Question

An artist's statue has a surface area of \(14.6 \mathrm{ft}^{2}\). The artist plans to apply gold leaf to the statue and wants the coating to be \(2.50 \mu \mathrm{m}\) thick. If the price of gold were \(\$ 1,774.10\) per troy ounce, how much would it cost to give the statue its gold coating? \((1\) troy ounce \(=31.1035 \mathrm{~g}\); the density of gold is \(19.3 \mathrm{~g} / \mathrm{mL}\).)

Short answer

The total cost to cover the statue with gold is calculated by finding the volume of the gold needed, converting it to mass, then finding the equivalent weight in troy ounces and finally multiplying by the cost per troy ounce.

Step-by-step solution

Calculate the Volume of Gold Needed

To calculate the volume of the gold leaf that will cover the statue, use the formula for the volume of a rectangular prism: volume (V) is equal to the surface area (A) times the thickness (t). The thickness must be converted from micrometers to feet: \(2.50 \mu m = 2.50 \times 10^{-6} m\) and then to feet by multiplying by 3.28084 (since 1 meter is equal to 3.28084 feet).

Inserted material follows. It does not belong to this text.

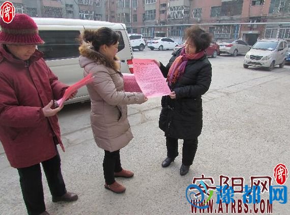 ??? 春节临近,为保障居民节日期间的安全,北关区盘庚东社区的工作人员向居民发放了《致辖区居民春节安全的一封信》,提醒居民防盗、防火、安全出行等注意事项,受到居民欢迎。(记者 侯沛丽 摄)

The volume in cubic feet is then \(V = A \times t\).

Convert Volume to Cubic Meters

Convert the volume from cubic feet to cubic meters for easier computation with the density, which is given in grams per milliliter. Use the conversion factor \(1 \mathrm{ft}^3 = 0.0283168 \mathrm{m}^3\).

Find the Mass of Gold Needed

To find the mass of gold needed, multiply the volume by the density of gold. The volume should be in cubic meters and the density of gold is given as \(19.3 \mathrm{g}/\mathrm{mL}\), with \(1 \mathrm{mL} = 1\times10^{-3} \mathrm{L} = 1\times10^{-3} \mathrm{m}^3\). The result will give you the mass in grams.

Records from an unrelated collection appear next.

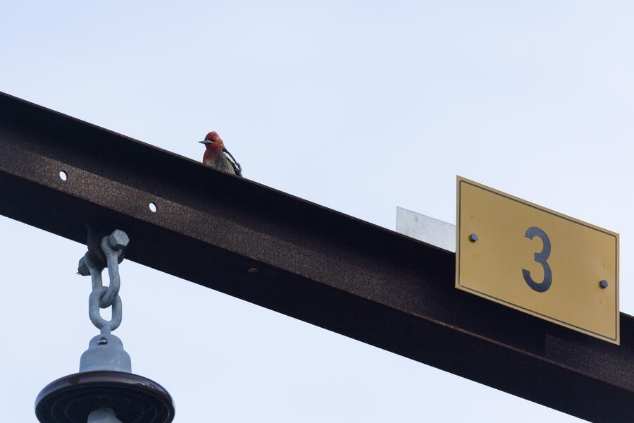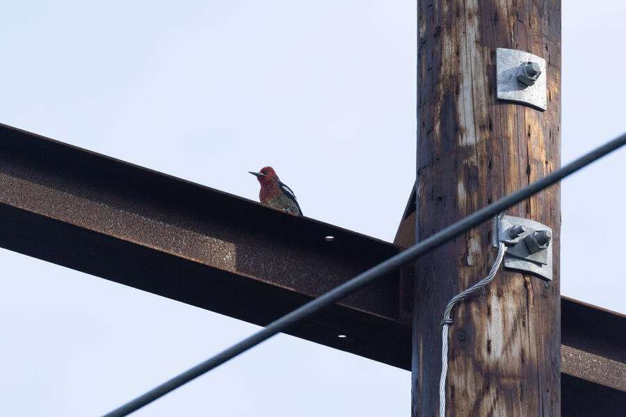 Red-breasted SapsuckerThis likely male Sapsucker was drumming on the metal beam on the power poles.
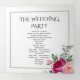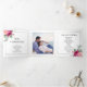 Ce programme triplé magnifiquement conçu pour un mariage de printemps présente des branches ornées de fines fleurs roses, complétées par des fleurs blanches et des feuilles verts sauge aux coins. L'élégante mise en page comprend une photo chère du couple qui est exposée au centre du panneau intérieur, tandis que leurs noms sont artistiquement crées dans la typographie décorative. Chaque panneau est encadré de fines bordures noires et élégantes, ajoutant une touche de sophistication à ce programme de cérémonie et de célébration de mariage charmant.
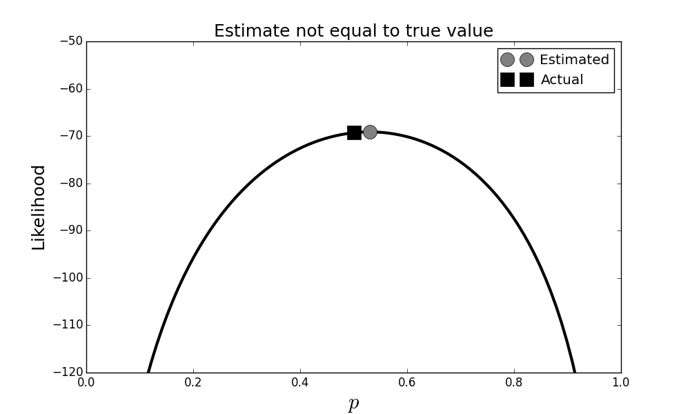 Figure shows that our estimator $\hat{p}$ (circle) is not equal to the true value of $p$ (square), despite being the maximum of the likelihood function. This may sound disturbing, but keep in mind this estimate is a function of the random data; and since that data can change, the ultimate estimate can likewise change. I invite you to run this code in the corresponding IPython notebook a few times to observe this. Remember that the estimator is a function of the data and is thus also a random variable, just like the data is. This means it has its own probability distribution with corresponding mean and variance. So, what we are observing is a consequence of that variance.

Convert Mass to Troy Ounces

Convert the mass of gold from grams to troy ounces by using the conversion factor given in the problem: \(1 \mathrm{troy \ ounce} = 31.1035 \mathrm{g}\).

Calculate the Cost

To find the total cost to cover the statue, multiply the mass of the gold in troy ounces by the cost per troy ounce. The final result will be the cost in US dollars.

Key concepts

Understanding Surface Area to Volume Ratio

The surface area to volume ratio is a fundamental concept in various scientific fields, including chemistry. It is especially important when dealing with coatings, such as in the example of applying gold leaf to a statue. The surface area represents the total area that is exposed to the external environment, while the volume measures the space that a substance occupies.

To calculate the gold leaf needed, understanding the relationship between the surface area of the object and the volume of coating is crucial. This is because the amount of gold required will directly depend on the volume that needs to be covered, and this volume can be found by multiplying the surface area by the thickness of the coating. A higher surface area to a given volume means a thinner layer of material is necessary to cover the object, which in the case of gold leaf application, can significantly affect the cost.

For the artist's statue with a specific surface area, the gold leaf needed to cover it will have the same surface area but with a very small thickness, making the volume comparatively small. Hence, in cost calculations, we always strive to minimize the volume of expensive materials like gold to reduce overall expenses.

Importance of Unit Conversion

Unit conversion is a crucial skill in chemistry and everyday life. It allows us to translate measurements into different units for accurate comparisons and calculations. When working with units from different measurement systems, like micrometers (µm) and feet, or grams and troy ounces, conversions ensure that computations are correct and meaningful.

For example, in our exercise, the thickness of the gold leaf is given in micrometers, but the surface area of the statue is in square feet. To calculate the volume of the gold leaf needed, we need to convert the thickness to feet before multiplying by the surface area. Misinterpreting units or omitting conversion steps can lead to significant errors, potentially resulting in a costly miscalculation of the amount of gold needed.

Always pay close attention to the units presented and employ the correct conversion factors. Common conversions, such as meters to feet, grams to troy ounces, and cubic centimeters to cubic meters, are essential tools in the problem-solving toolkit of anyone working within the realm of science and mathematics.

Density Calculations in Context

Density calculations are a cornerstone in understanding how much space a certain mass of a substance will occupy and, conversely, the mass of a substance that will fill a particular volume. Density is defined as the mass per unit volume and is expressed in various units like grams per milliliter (g/mL) or kilograms per cubic meter (kg/m³).

In the case of the gold leaf, knowing the density of gold allows us to determine how much mass corresponds to the calculated volume that will cover the statue. By multiplying the volume by the density of gold, we obtain the mass in grams. To proceed with the cost calculation, we convert this mass to trestroy ounces since the price of gold is given per troy ounce.

Density plays a pivotal role in a wide range of applications from industrial to artistic, as it allows us to estimate the quantities of materials needed and their costs. Always remember that when dealing with density, the consistency of units throughout the calculation is just as important as applying the correct values for density itself.